Some notes on compression algorithms:
If one defines a compression algorithm as a bijective map on all strings, and a decompression algorithm as an inverse of a compression algorithm, then according to this definition, all decompression algorithm are also compression algorithms.
Suppose we apply a compression algorithm to a string, and then apply the algorithm to the result, and so on and so on. Suppose we call this the orbit of the string. Every orbit will be finite or infinite. A finite orbit will eventually come back to the original string. The length of strings in an orbit cannot be strictly monotonically decreasing, and if they are constant, then the orbit must be finite. In an infinite orbit, the length of the strings will tend towards infinity. So every compression algorithm will either simply cycle between some strings, or eventually makes things bigger.
Why does perfection in an encryption algorithm require compression? Did you mean to say “compression algorithm”?

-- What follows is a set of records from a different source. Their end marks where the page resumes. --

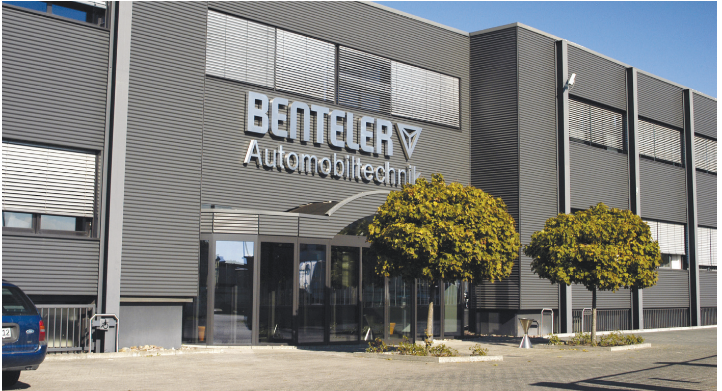
Benteler Plant in Paderborn supplies automotive parts to all major car manufactures world wide.

Benteler Paderborn was the first Benteler automotive plant. Today is the plant one of the biggest Benteler plants worldwide with 1500 employees. Their business is not only one of the largest automotive suppliers but also one of the most important steel tube manufactures in Europe.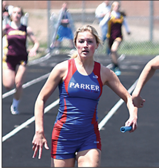
Area Track Teams Vie For State • 6A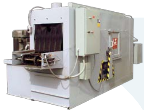
8' Flow Through Washer 8FTW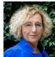
MURIEL PENICAUD Former Minister of Labor and Ambassador to OECD (France)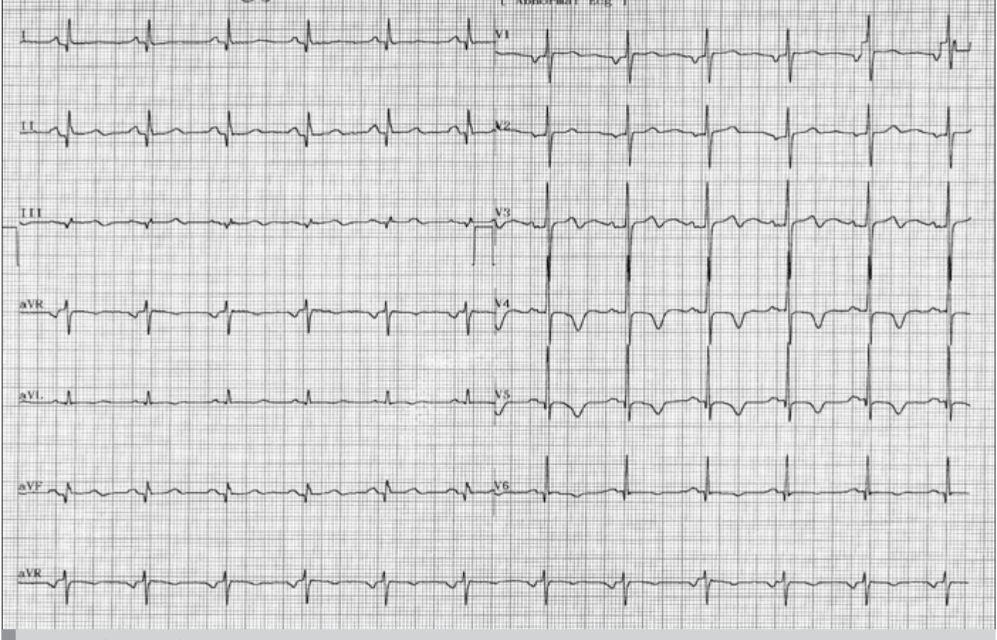
Figure 1. Ischemic ST changes on electrocardiography

Constriction of the coronary arteries occur by release of mediators like histamine, leukotrienes, neutral proteases, and platelet-activating factor locally and to the systemic circulation by degranulation of mast cells which are located in the intimal layer of coronary arteries and

Some notes on compression algorithms: If one defines a compression algorithm as a bijective map on all strings, and a decompression algorithm as an inverse of a compression algorithm, then according to this definition, all decompression algorithm are also compression algorithms. Suppose we apply a compression algorithm to a string, and then apply the algorithm to the result, and so on and so on. Suppose we call this the orbit of the string. Every orbit will be finite or infinite. A finite orbit will eventually come back to the original string. The length of strings in an orbit cannot be strictly monotonically decreasing, and if they are constant, then the orbit must be finite. In an infinite orbit, the length of the strings will tend towards infinity. So every compression algorithm will either simply cycle between some strings, or eventually makes things bigger.
Yes, thank you, I meant compression algorithm.